Mother of Liu Zixun, rival claimant of Liu Song; presumably Empress Dowager

Shuyuan Chen (5th century – September 19, 466), personal name unknown, was a concubine consort of Emperor Xiaowu of Song; as mother of rival emperor Liu Zixun, she was presumably honored as empress dowager before her execution upon the fall of Zixun.

== As imperial consort ==
As a concubine consort of Emperor Xiaowu, Chen carried the second rank of Shuyuan. In 456, she bore Emperor Xiaowu his third son Liu Zixun.
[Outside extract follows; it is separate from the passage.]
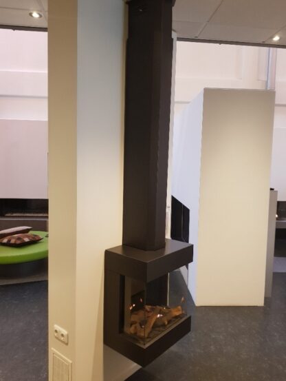 DIABLO NEXT este un focar clasic, cu 3 fete, suspendabil. Acesta poate fi montat direct pe un perete fara a mai fi nevoie de un finisaj de semineu. Acest lucru presupune o instalare usoara si mai putin spatiu ocupat. Cosul de fum din partea de sus poate fi ascuns in spatele unui capac de evacuare.

Neither she nor her son was favored by Emperor Xiaowu.

== As princess dowager ==
In 464 when Emperor Xiaowu died, with Zixun having been created Prince of Jin'an and appointed governor of Jiang Province, Shuyuan Chen was created Princess Dowager of Jin'an and sent to live with her son.

== As empress dowager ==
In January 466, Liu Ziye successor of Emperor Xiaowu was killed, and his uncle Liu Yu, Prince of Xiangdong succeeded as Emperor Ming of Liu Song; he forced Liu Zishang, Prince of Yuzhang and second son of Emperor Xiaowu, to commit suicide, making Zixun the eldest living son of Emperor Xiaowu. Later in 466, local officials led by Deng Wan, chief of staff of Zixun, supported Zixun as a rival emperor. Shuyuan Chen was presumably honored as empress dowager, although it was not clearly recorded.

Initially, Zixun received support from most states and counties, but was suppressed seven months later; both Zixun and Empress Dowager Chen were executed by Shen Youzhi, a general of Emperor Ming, upon the sack of Xunyang capital of Jiang Province.